Disse a ele que o barão era o mais generoso de todos os homens. — Mas veja bem — devolveu Ben Gunn. — Não estou falando de me darem um emprego de porteiro, com uniforme e essas coisas. Seria ele capaz de me deixar ficar com pelo menos umas mil libras, parte do dinheiro que na prática me pertence? — Tenho certeza de que seria — disse. — O combinado sempre foi que dividiríamos o tesouro, todos nós. — Além de uma passagem para casa? — acrescentou, com um olhar de muita astúcia. — É claro — gritei —, o barão é um cavalheiro. Além disso, se nos livrarmos dos outros, vamos querer sua ajuda para navegar de volta. — Ah, assim é melhor — disse. E pareceu muito aliviado. — Veja, vou lhe contar uma coisa — continuou. — Estava no navio de Flint quando ele enterrou o tesouro, ele e outros seis. Os seis eram marinheiros fortes. Ficaram em terra firme
quase uma semana inteira, enquanto o resto de nós ficou no seu velho navio, o Morsa. Num belo dia, lá veio Flint sozinho num pequeno bote, com a cabeça enfaixada com um pano azul. Ele parecia pálido, mas a verdade é que estava voltando ao navio, enquanto os outros seis estavam mortos. Mortos e enterrados. Como ele fez isso, nenhum outro homem a bordo conseguia entender. Deve ter sido horrendo, pois era ele contra seis. Billy Bones era o imediato, Long John, o contramestre, e perguntaram onde estava o tesouro. Ele respondeu: “Se quiserem, podem ir para terra firme e ficar lá, mas essa embarcação está pronta para ir buscar mais!”. E continuou: — Há três anos, estava eu em outra embarcação e avistamos essa ilha. Contei aos rapazes que a ilha escondia o tesouro de Flint e sugeri que fôssemos encontrá-lo. O capitão não gostou nada disso, mas meus companheiros pensaram diferente e todos foram até a terra. Procuramos por 12 dias, e a cada dia me dirigiam palavras piores, até que voltaram todos a bordo. “Quanto a você, Ben Gunn”, disseram, “aqui está um mosquete, uma pá e uma picareta. Pode ficar por aqui e encontrar sozinho o tesouro de Flint.” — Bem — continuou —, por três anos fiquei aqui, e nem uma migalha de dieta cristã desde aquele dia. Mas olhe para mim: eu pareço um dos homens de adiante do mastro? Não, você vai dizer. Porque eu não era um grosseirão, não era mesmo.

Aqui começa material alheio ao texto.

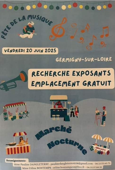 Germigny sur Loire vendredi 20 juin 2025 cherche exposants emplacement gratuit

E, ao falar isso, ele torceu e apertou meu braço com mais força. Disparou a falar um monte de coisas desconexas sobre a vida na ilha e orações para sua mãe, até pedir finalmente: — Quero que repita essas palavras para seu barão, Jim — e ele continuou. — Durante três anos ele foi o homem da ilha, mas Ben Gunn é um bom homem, e aí ele terá mais confiança nesse que nasceu cavalheiro do que naqueles cavalheiros bem afortunados, sendo ele próprio um daqueles. — Olhe — disse —, não entendi uma só palavra do que estava falando. Mas, tanto faz, como faremos para ir a bordo? — Ah — respondeu —, esse é o problema, com certeza. Bem, temos o meu bote, que fiz com minhas próprias mãos. Eu o guardo debaixo da pedra branca. Ei! O que foi isso?

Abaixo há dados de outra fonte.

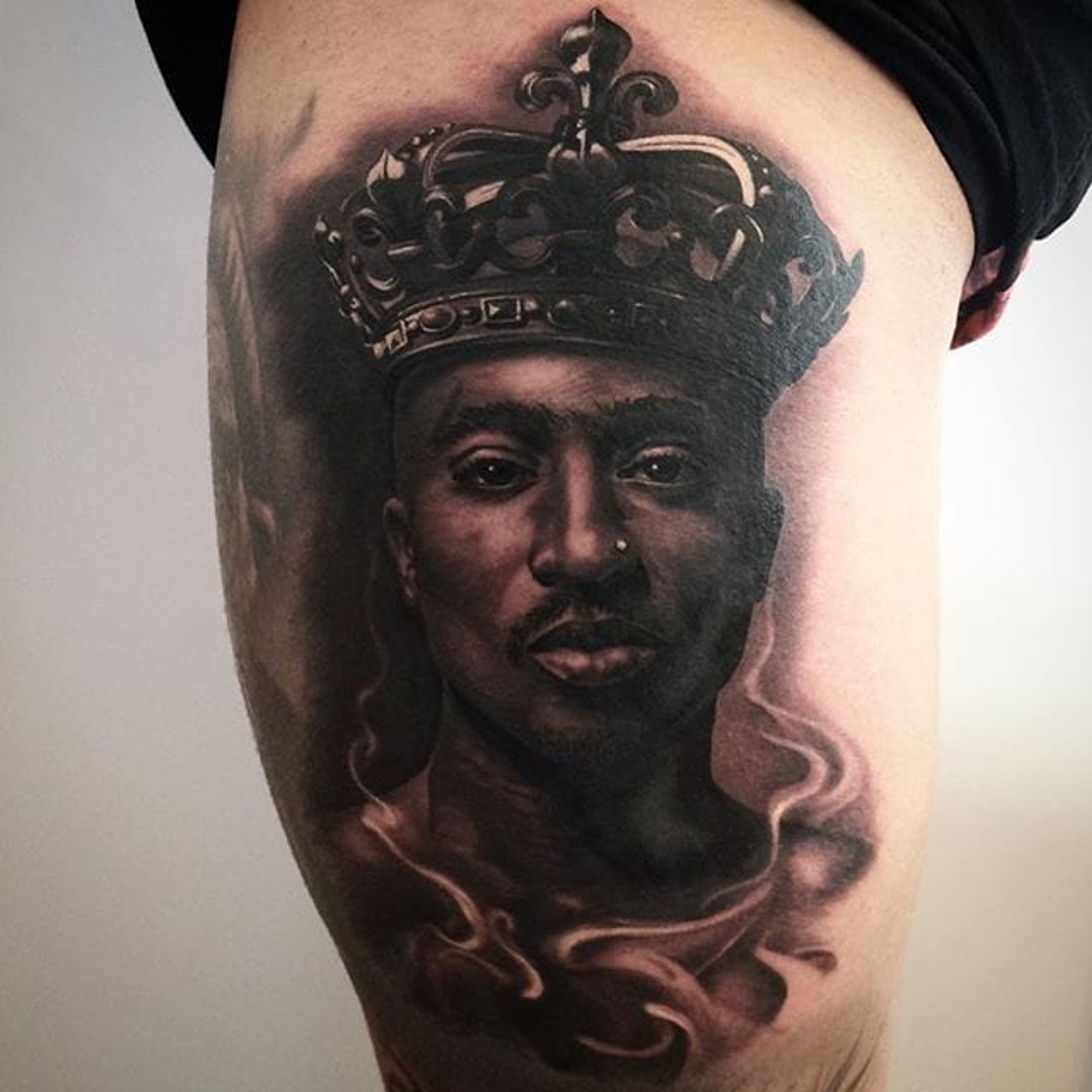 Black and grey Tupac portrait by Tater Tatts. #realism #TaterTatts #blackandgrey #Tupac

Bem nessa hora, mesmo que ainda faltassem umas 2 horas até o sol se pôr, todos os ecos da ilha acordaram e gritaram com o estrondo de um canhão. — Começou a luta! — gritei. — Venha comigo. E comecei a correr rumo ao ancoradouro, esquecendo-me de toda cautela. Ao meu lado, bem perto de mim, o homem vestido com pele de cabra trotava ligeiro com facilidade. — Pela esquerda, pela esquerda — disse —, mantenha-se à esquerda, camarada Jim! Por baixo das árvores! Foi aqui que matei minha primeira cabra. Elas não aparecem mais por aqui, ficam todas encasteladas em sua montanha, com medo de Benjamin Gunn. Ah, e ali está o cetimério — cemitério, ele queria
dizer. — Você vê os túmulos? Venho aqui para rezar, de vez em quando, quando acho que é domingo.

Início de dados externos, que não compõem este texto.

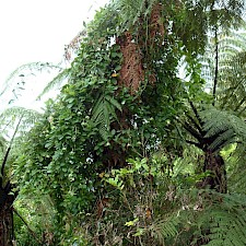 Seeds are moderately to well-dispersed, moderate growth rate, scrambles over most species, grows to canopy, and forms dense, long-lived masses. Moderately tolerant of shade, drought or damp, wind, salt, differing soil types, and damage.
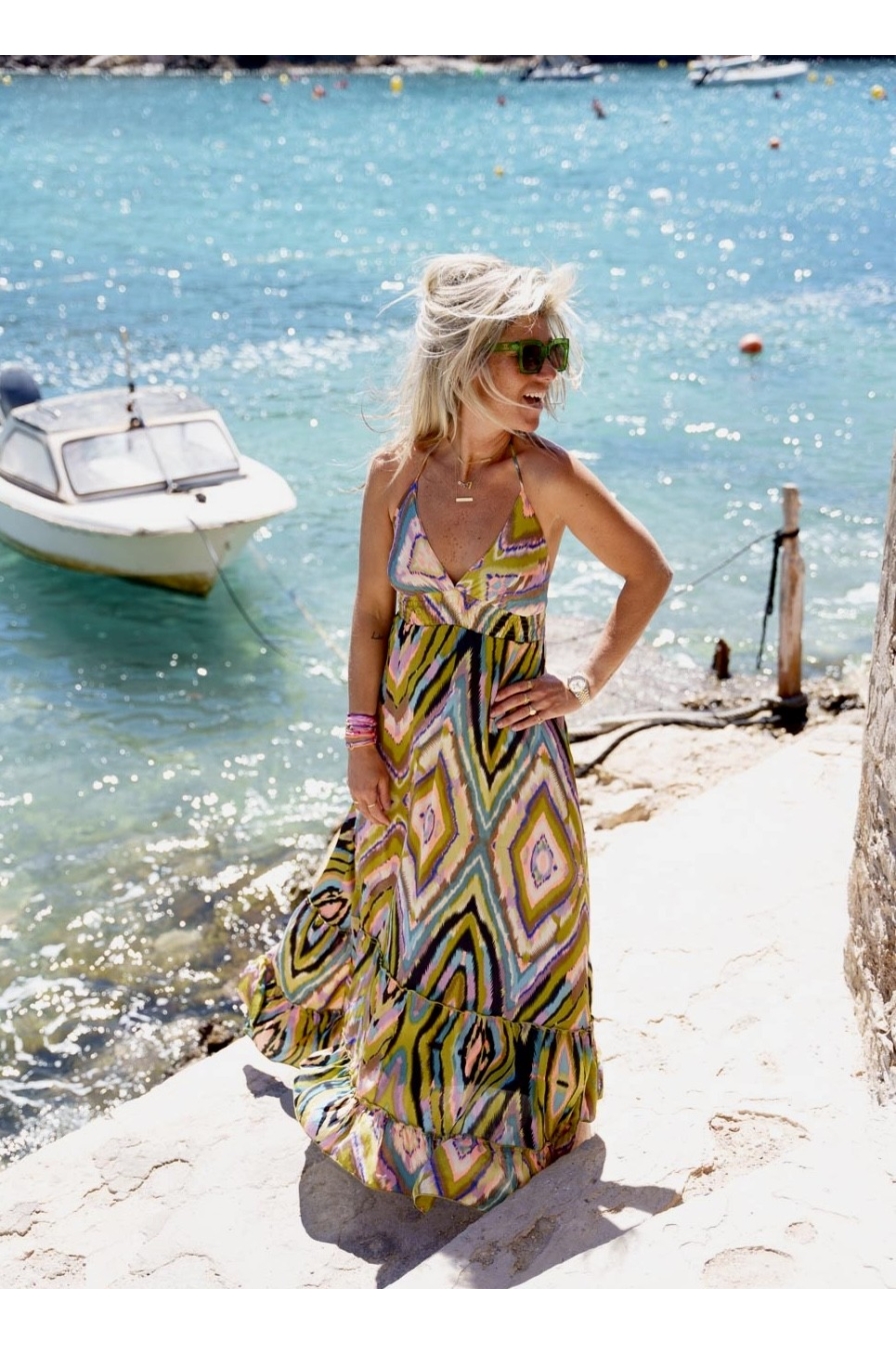 Dress Laurana, een adembenemende combinatie van stijl en comfort. Gemaakt van 100% viscose, biedt deze jurk niet alleen een luxueuze uitstraling maar ook een ongeëvenaard draagcomfort. Met zijn verstelbare nek- en rugbandjes en stretchy band is dit een veelzijdig stuk dat moeiteloos meebeweegt met jouw unieke stijl. Of je nu op weg bent naar het strand, een zomerse brunch of een avondje uit, Dress Laurana past zich perfect aan aan elke gelegenheid en elk figuur, tot en met maat L/XL.

Prosseguiu falando enquanto eu corria, sem esperar nem receber nenhuma resposta. O tiro de canhão foi seguido, após um intervalo razoável, por uma salva de tiros de armas menores. Outra pausa, e então, menos de um quarto de milha à minha frente, pude ver a bandeira do Reino Unido tremulando no ar sobre um bosque.